Monday, July 27, 2015

Syrian army fatigued but will prevail (Bashar al-Assad)

Syria’s President Bashar Assad acknowledged the shrinking ranks of his government’s army in a rare public speech Sunday, but insisted the force was still capable of beating rebel fighters. Speaking in Damascus, Assad also said any bid to end the conflict that was not based on fighting “terrorism” would be “meaningless.”

Syria’s army once had around 300,000 members, but has been roughly halved in size by deaths, defections and a rise in draft dodging, a fact that Assad acknowledged publicly Sunday.

“There is a lack of human resources” in the army, he said, addressing representatives of economic organizations in a speech broadcast live on Syrian state television. “The problem facing the military is not related to planning but to fatigue,” he added.

“It is normal that an army gets tired, but there’s a difference between fatigue and defeat,” Assad insisted.

“The word defeat does not exist in the Syrian army’s dictionary,” he added, telling the audience that “collapse” was not on the cards. “We will resist and we will win.”

The rare public acknowledgement of weakness comes amid growing concern in Damascus about the state of the country’s armed forces.

In early July, a campaign was launched to encourage citizens to join the army, with billboards going up around the capital.
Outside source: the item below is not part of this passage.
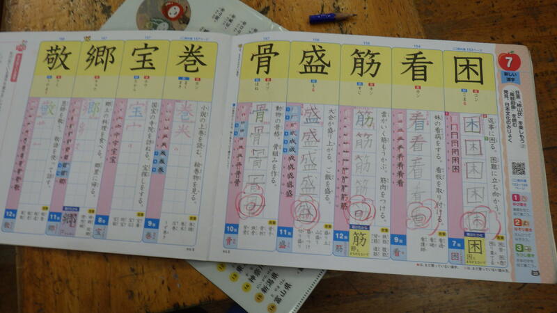 お気付きのことと思いますが、敢えて間違った字を書き、子供たちに正しい漢字をその下に書かせられていました。正しい字をしっかり覚えてほしいと思います。

The government has also regularly urged Syrians to perform their military service and Saturday Assad decreed a conditional amnesty for army deserters and draft dodgers.

“We must take specific measures to increase [troop numbers] so they can carry out urgent missions,” Assad said. “This [amnesty] decree is to encourage deserters to rejoin the army.”

The amnesty does not extend to defectors who left the army to join the uprising against the government.

Assad’s speech comes after several months of setbacks for his government, which faces opponents including ISIS fighters, Al-Qaeda-affiliated militants and other rebel groups.

In recent months, government forces have been pushed out of almost all of the northwestern province of Idlib, as well as losing the ancient city of Palmyra.

“There were areas where we wanted to show our commitment,” Assad said. “But the army cannot be on every part of the territory.”

He appeared to acknowledge that his government was being forced to concentrate on holding territory it considers a priority over other areas.

“Sometimes we concentrate our arsenal and the army in an important area, but that comes at the expense of other areas, which become weaker,” he acknowledged. “We are obliged in certain circumstances to abandon regions in order to move troops to regions that we want to hold on to.”

Experts say Assad’s government has realized it cannot hold all of Syria and is concentrating on the areas it considers vital.

Those include Damascus, the central cities of Homs and Hama, and the coastal areas that include the president’s heartland.

The Syrian conflict has proved stubbornly resistant to several rounds of peace talks, and the efforts of three U.N. envoys.

The U.N. envoy for Syria, Staffan de Mistura, is due to address the Security Council next week on consultations he has held with combatants and other parties involved in the war.

Syria’s opposition insists Assad must step down under any political deal, and his government says the focus of negotiations must be tackling “terrorism,” a term the regime uses for all those who oppose it.

Any political proposal “that is not based on the fight against terrorism would be meaningless,” Assad said.

“As long as terrorism is part of the external opposition that participates in the dialogue ... talk of a political solution will be nothing but empty words.” the Syrian leader added.

That appeared to be a reference to the Syrian National Coalition, the main opposition group in exile.

The body is backed by much of the international community, which Assad’s government accuses of supporting “terrorism” in Syria.

Assad said there were “positive” changes in Western attitudes toward Syria’s conflict, a reference to the U.S.-led airstrike campaign against ISIS. But he faulted the West because, he said, states were still classifying militants fighting him as revolutionaries rather than “terrorists.”

More than 230,000 people have been killed in Syria since the conflict began in March 2011 with anti-government protests before spiraling into a civil war after a regime crackdown.

[A version of this article appeared in the print edition of The Daily Star on July 27, 2015, on page 1.]